In der arabischen, persischen und türkischen Poesie gibt es eine große Zahl von Liebesgedichten, die sich mit dem Thema Liebe, Sexualität und Lust auseinandersetzen. Frauen unterschiedlicher sozialer Zugehörigkeit, Gläubige, Aristokratinnen, aber auch Sklavinnen, sind beliebte Heldinnen der Erzählliteratur. Zwischen dem 9. und 16. Jahrhundert gibt es viele Werke zum Thema weltlicher Liebe im Gegensatz zur göttlichen Liebe.

Größtenteils ist es die unerfüllte, schmerzhafte Liebe, die in der klassischen, arabischen Literatur geschildert wird. "Die Theorie der Philosophie der Liebe idealisiert", wie die Soziologin Wiebke Walther in ihrer "Kleinen Geschichte der arabischen Literatur" schreibt, "die sehnende, selten Erfüllung findende Liebe des Mannes zur Frau, auch des Mannes zum schönen Jüngling als ihn veredelnde, ihn erst zum Menschen machende Kraft, von Gott als Gnadengabe verliehen."

Liebe ist Seelengleichheit

Liebe wird als seelische und charakterliche Übereinstimmung zwischen zwei Menschen definiert. Liebesleidenschaft, heftiges Begehren dagegen werden als zerstörerisch dargestellt, geschmäht und verdammt. Eine der schönsten Anthologien zur realen höfischen Liebe und das am häufigsten in europäische Sprachen übersetzte Werk ist "Das Halsband der Taube. Über die Liebe und die Liebenden" von Ibn Hazm (994-1064), einem der angesehensten Autoren sowohl auf dem Gebiet der Theologie wie auf dem der Wissenschaft von der Liebe.

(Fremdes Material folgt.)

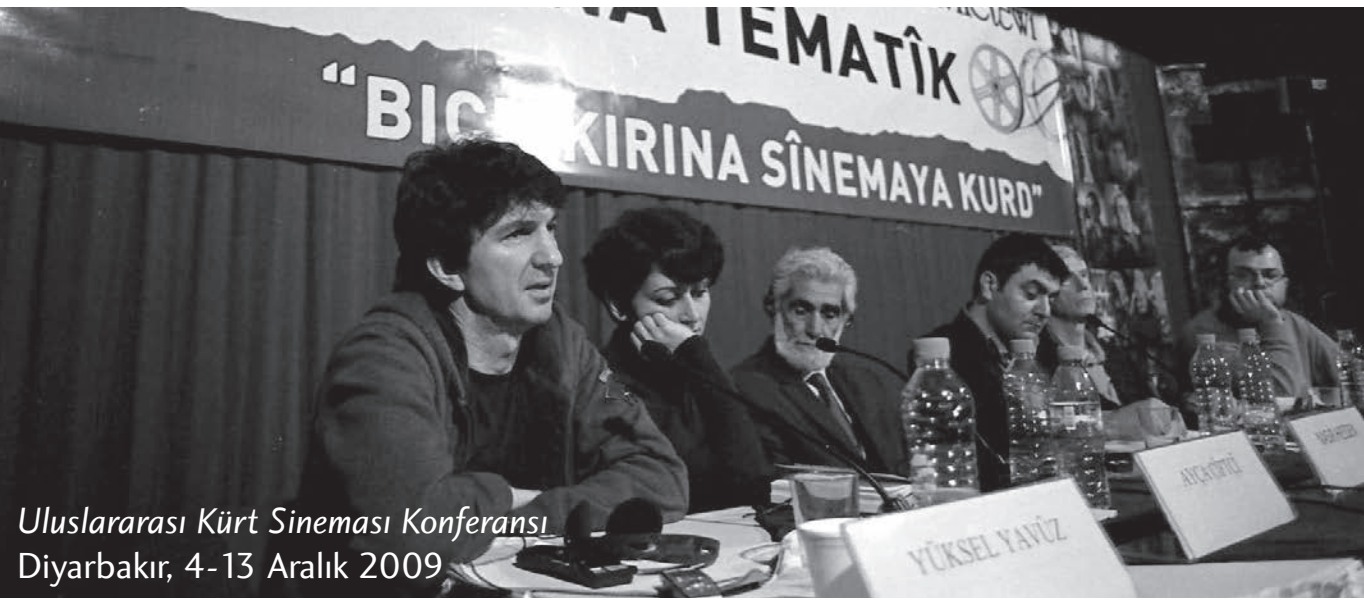
Uluslararası Kürt Sineması Konferansı Diyarbakır, 4-13 Aralık 2009

Otuz senedir süregiden bir savaşın, dört parçaya ayrılmış bir coğrafyanın, dünyanın bir devleti olmayan en büyük mülteci nüfusunun beyazperdeye yansımalarını konuşmak üzere Uluslararası Kürt Sineması Konferansı 'nda toplanmıştık. Varolan bir ulusal sinema mı, yoksa o ulusun ürettiği bir sinema mıydı?
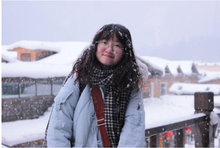
在哈爾濱遇見的第一場雪
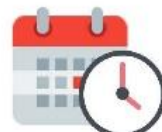
ดำเนินการตามขั้นตอนและ กำหนดการของสถานศึกษา ภายในเวลาที่กองทุนกำหนด
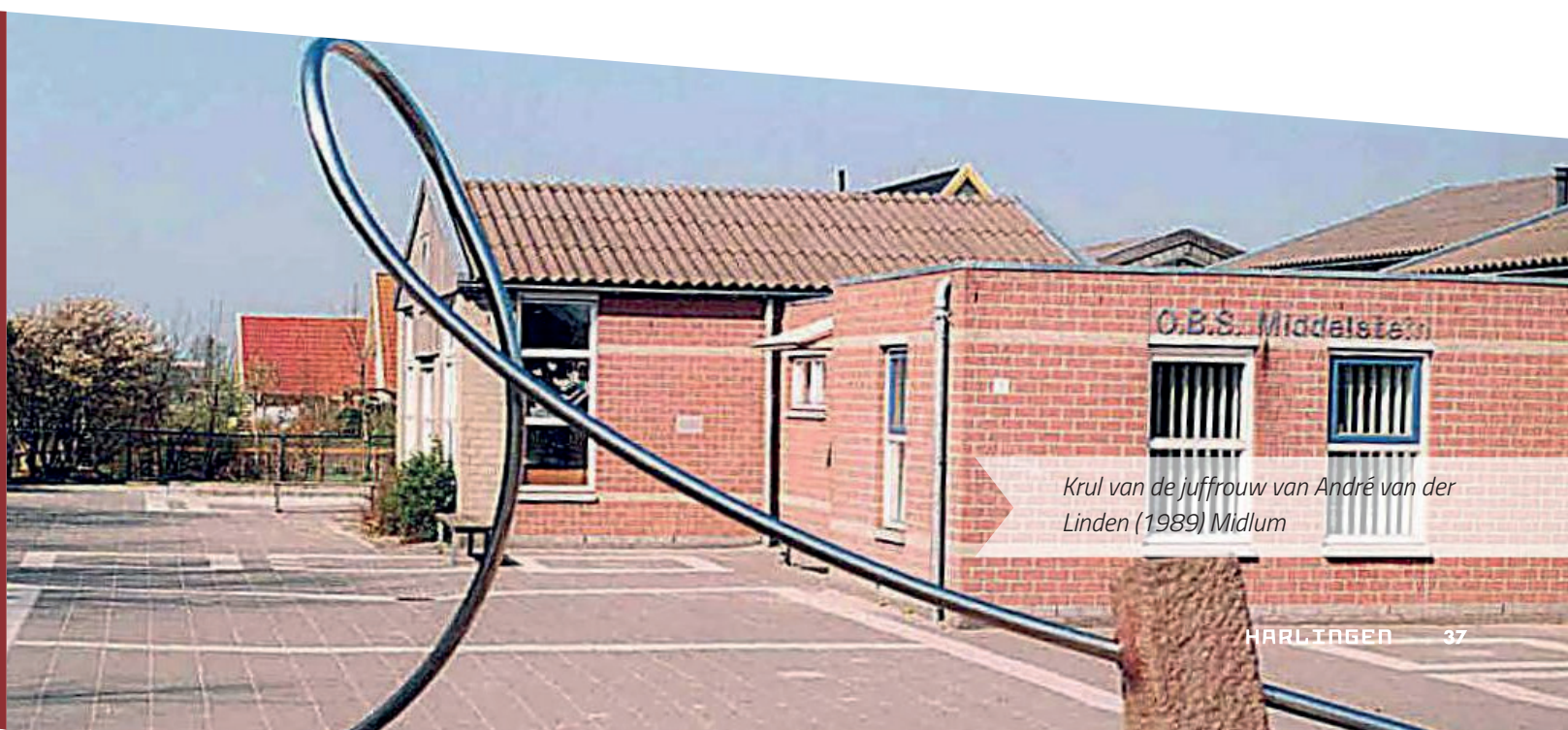
Krul van de juffrouw van André van der Linden (1989) Midlum
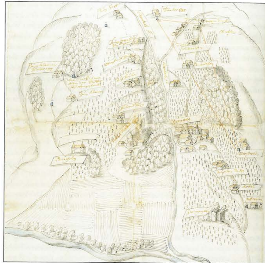
Ansicht von Berneck, 17. Jahrhundert, Stiftsarchiv St. Gallen.
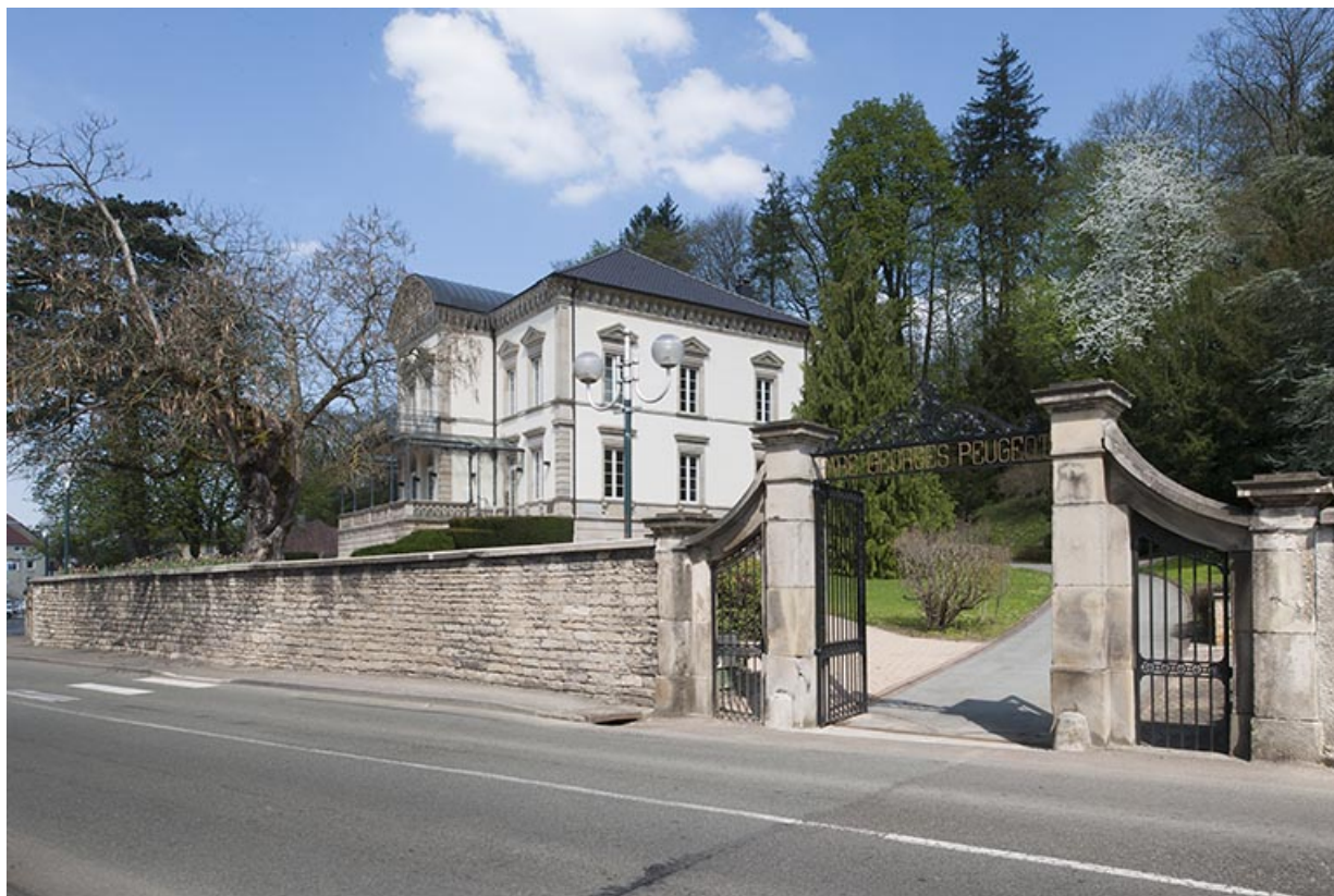
Vue rapprochée depuis le sud-ouest.

25, Pont-de-Roide, 1 rue du général Herr

Andere Chronisten, Historiker und Sprachforscher beschreiben intensiv poetisch-amouröse Gespräche mitunter sexueller Art, die in den Serails der Türkei, den Palästen von Isfahan und den großen Häusern der Gelehrten von Damaskus das Publikum erfreuten. In Europa bekannt wurde vor allem "Der duftende Garten" des Tunesiers an-Nafsawi im 15. Jahrhundert. Der "Duftende Garten" belehrt nach überlieferten stereotypen Urteilen über gute und schlechte Eigenschaften von Männern und Frauen detailliert über sexuelles Vokabular, den Koitus, Liebestechniken, Abtreibungs- und Potenzmittel.

Verbotenes Beschreiben

Ungezählt sind die Gedichte und Berichte über die "Orgien" an den Kalifenhöfen (etwa bei Abu Nuwas oder im Kitab al-Aghani), wo alles geschildert wird, was Gott verboten hat. Bemerkenswert sind hier die oft unverblümten Anspielungen auf religiöse Riten. Auch die volkstümlichen Erzählungen wie "1001 Nacht" enthalten nicht wenige erotische Passagen, die das Bild des Orients im Europa des 18. und 19. Jahrhunderts nachhaltig mitgeprägt haben. Vor über 300 Jahren erschien in Paris "1001 Nacht" in gedruckter Form. Die Märchensammlung wurde mit der Zeit neben dem Koran zum meist übersetzten Werk arabischer Literatur.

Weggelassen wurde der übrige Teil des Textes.